With the release of Spinn3r 3.0, we have decided to share key statistics on our crawler with the public, including language breakdown data, content management distribution, and so on.
These stats are updated live 24/7 and recomputed on the fly. There are additional metrics available to our paying customers via our admin console.
Breakdown of language across all content in the blogosphere. This is measured by mathematically computing the language of each post based on content (rather than the configured language for the weblog, which might be incorrect).
Posts with an 'unknown' language are almost certainly short posts of less than about 200 characters.
Weblog Hosting Provider Breakdown
Breakdown of posts across major weblog hosting providers. We separate this from other hosting providers which, while they might have weblogs, they might not have users actively participating in the core of the blogosphere.
Right now this is implemented with link pattern matching. For example, WordPress blogs are identified if the URL contains 'wordpress.com'. Of course, this method is prone to error and doesn't correctly identify Moveable Type, WordPress, or any other stand alone blog on their own URL.
Further, TypePad.com is probably misrepresented as well, as most users there use domain masking.
We expect to have a patch for this soon to include more precise values, creating a higher rate of accuracy for these blog hosts.
ALL Hosting Provider Breakdown
All weblog hosts, including MSN Live Spaces, MySpace, and LiveJournal. They might not qualify as traditional blogs, so we decided to break them out into a dedicated metric.

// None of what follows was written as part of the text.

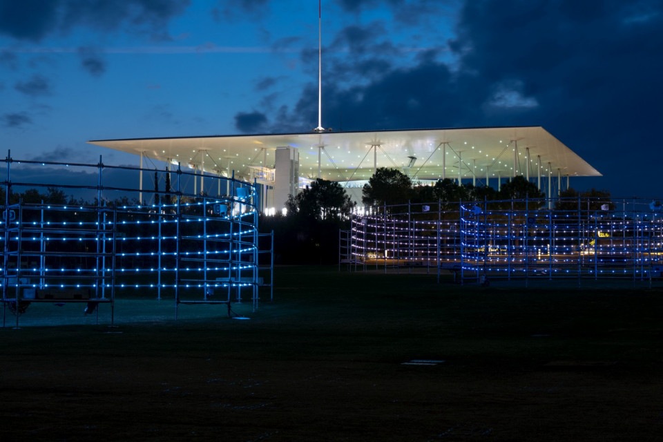 LIGHT HOLDERS Jonas Vorwerk (Wireframe, Ολλανδία) Ξέφωτο Στο Ξέφωτο οι επισκέπτες του Πάρκου Σταύρος Νιάρχος συναντούν μια φωτιστική εγκατάσταση που τους προσφέρει τη μοναδική δυνατότητα να βιώσουν την εμπειρία της μουσικής σύνθεσης με λούπες. Το έργο Light Holders αποτελεί έναν πραγματικό φόρο τιμής στα στούντιο όπου γεννήθηκαν οι μουσικές των δεκαετιών του 1950 και 1960, τότε που ο πειραματισμός με τις αναλογικές μαγνητικές ταινίες έθεσε τις βάσεις για τον σύγχρονο τρόπο μουσικής δημιουργίας. Ωστόσο, το στούντιο του Vorwerk δεν είναι κλειστό, αλλά λειτουργεί στον δημόσιο χώρο.

Raw number of RSS and Atom feeds being indexed by Spinn3r. This is directly correlated to the number of posts Spinn3r sees in both the permalink API and the feed API. This number might fluctuate based upon the raw ping rate at any given time, as well as the weekly update cycle for pinged feeds.
Feed Content Performance
Number of feed items per hour indexed and available by the feed API. You might see less content from raw API, as we do not include all posts in the API if they have been registered by one of our customers, but not yet approved as non-spam content.